You can see the full configuration in the docker-compose.yml file of the
project-planning repository.
For public deployment, we also added a password-protected version of the KG,
which only requires a few additional lines in the docker-compose-password.yml
file.
To deploy the tool on a cloud VM, we now only need to run the following commands:
git clone https://github.com/biocypher/project-planning.git
docker-compose -f project-planning/docker-compose-password.yml up -d
Useful tips for deployment
Many vendors offer cloud VMs with pre-installed Docker and Docker Compose, as
well as Nginx for reverse proxying. We recommend using a reverse proxy to
provide HTTPS and a domain name for the web app. This can be done with a few
lines in the Nginx configuration file. For example, to deploy the project
management tool on a cloud VM with a domain name project.biochatter.org, you
can use the following Nginx configuration:
server {
listen 80;
server_name project.biochatter.org;
location / {
proxy_pass http://localhost:8501;
proxy_http_version 1.1;
proxy_set_header Host $host;
proxy_set_header X-Real-IP $remote_addr;
proxy_set_header X-Forwarded-For $proxy_add_x_forwarded_for;
proxy_set_header X-Forwarded-Proto $scheme;
proxy_set_header Upgrade $http_upgrade;
proxy_set_header Connection "upgrade";
proxy_read_timeout 86400;
}
}
You can find more info here. We also recommend to set up certification with Let's Encrypt for HTTPS. This can be done with the Certbot tool, which is available for most Linux distributions.

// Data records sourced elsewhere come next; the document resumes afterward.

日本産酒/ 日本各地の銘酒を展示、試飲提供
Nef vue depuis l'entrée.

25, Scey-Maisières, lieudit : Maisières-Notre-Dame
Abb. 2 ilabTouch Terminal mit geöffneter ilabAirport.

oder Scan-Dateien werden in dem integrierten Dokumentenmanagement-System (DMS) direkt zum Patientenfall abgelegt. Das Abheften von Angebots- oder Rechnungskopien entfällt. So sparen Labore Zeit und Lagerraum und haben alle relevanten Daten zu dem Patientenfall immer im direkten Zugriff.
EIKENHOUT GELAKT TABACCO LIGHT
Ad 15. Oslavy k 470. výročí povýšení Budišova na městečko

In addition, you need to make sure that your Neo4j deployment is accessible from
your web app, and that the connection is secure. You can either make the DB
accessible only on the VM's network, which would allow running it without
encryption, or you can set up a secure connection with a password. Both options
are implemented in the docker-compose.yml and docker-compose-password.yml
files of the project-planning repository. You can find more info
here.
Conclusion
This vignette showcases the creation of a custom BioChatter Light web app for a dedicated purpose, in this case, project management. The app is a demonstration of the flexibility and ease of use of the BioChatter Light framework, which allows for the rapid development of conversational AI interfaces for various applications. The project management tool is a proof of concept and will be further developed into a conversational assistant that can not only summarise, but interact with the group members, and provide administrative support for larger groups and even organisations.

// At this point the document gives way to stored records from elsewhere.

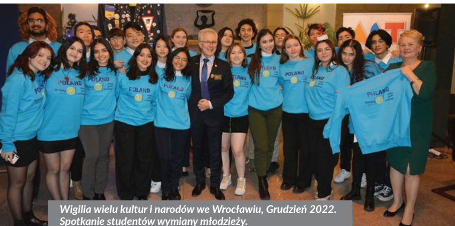
Wigilia wielu kultur i narodów we Wrocławiu, Grudzień 2022. Spotkanie studentów wymiany młodzieży.
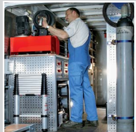
Der HydroBär-Servicetechniker bei der Anfertigung von Hydraulikschlauchleitungen.
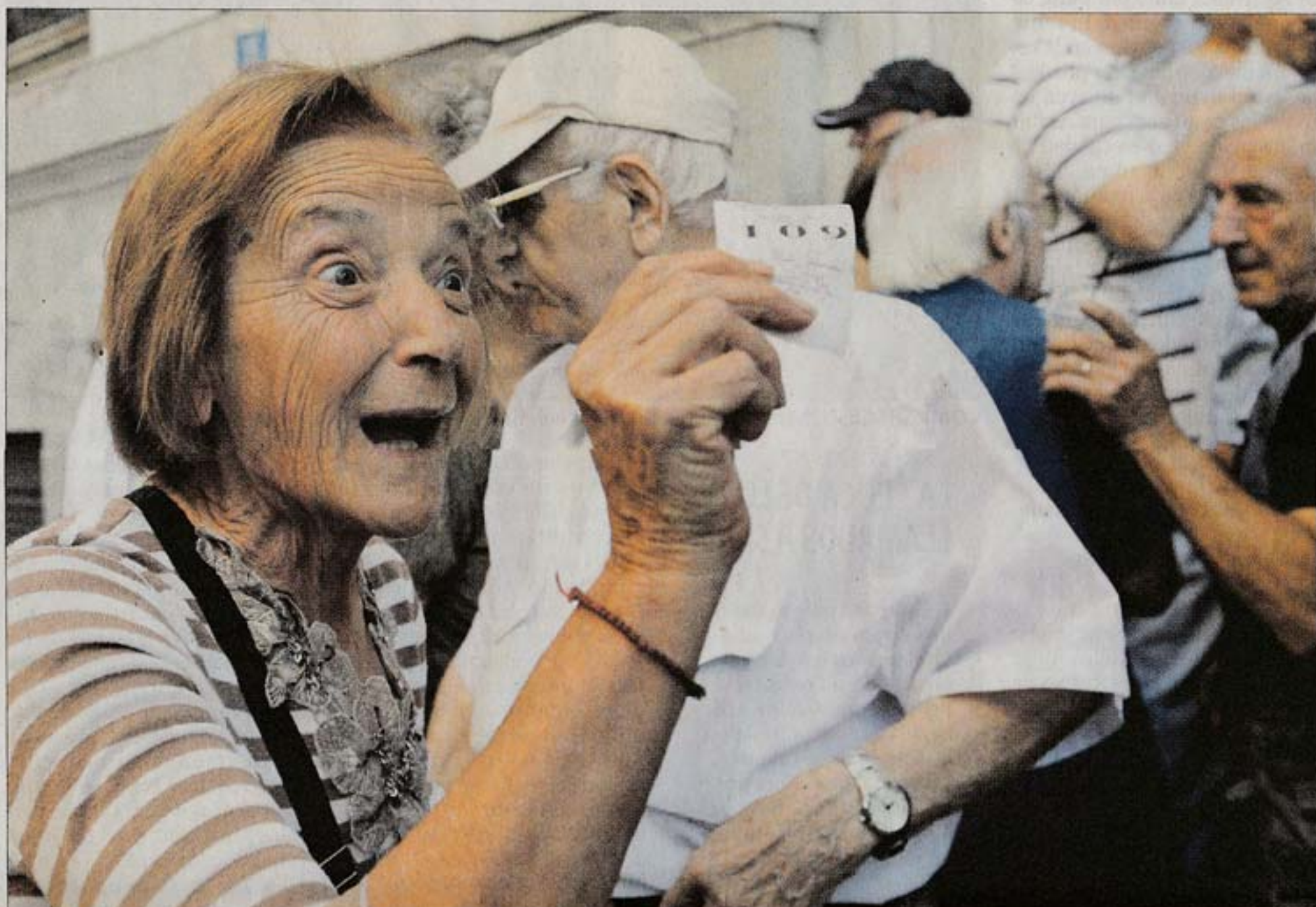
JUBILADOS. En los próximos años habrá más por el pilar de ahorro previsional que cobrarán rentas vitalicias con el nuevo régimen.

Esto provocó que las compañías privadas de seguros autorizadas por el BCU para brindar rentas vitalicias, abandonaran el negocio y que desde 2011 el BSE sea el único actor del mercado. La situación encendió la alarma en las autoridades del

The capabilities of GitHub Projects and their API allow the transfer of issues between boards, which allows for a multi-level approach to project management. Higher-level master boards (such as the complex BioCypher ecosystem overview board) can collect the tasks and issues of a larger group, and the project management assistant can help in collating those into manageable chunks for smaller teams (such as the board of our synthetic project). The same abstraction can be used at the organisation level, where the aims and challenges of the organisation are broken down into projects and tasks for larger groups.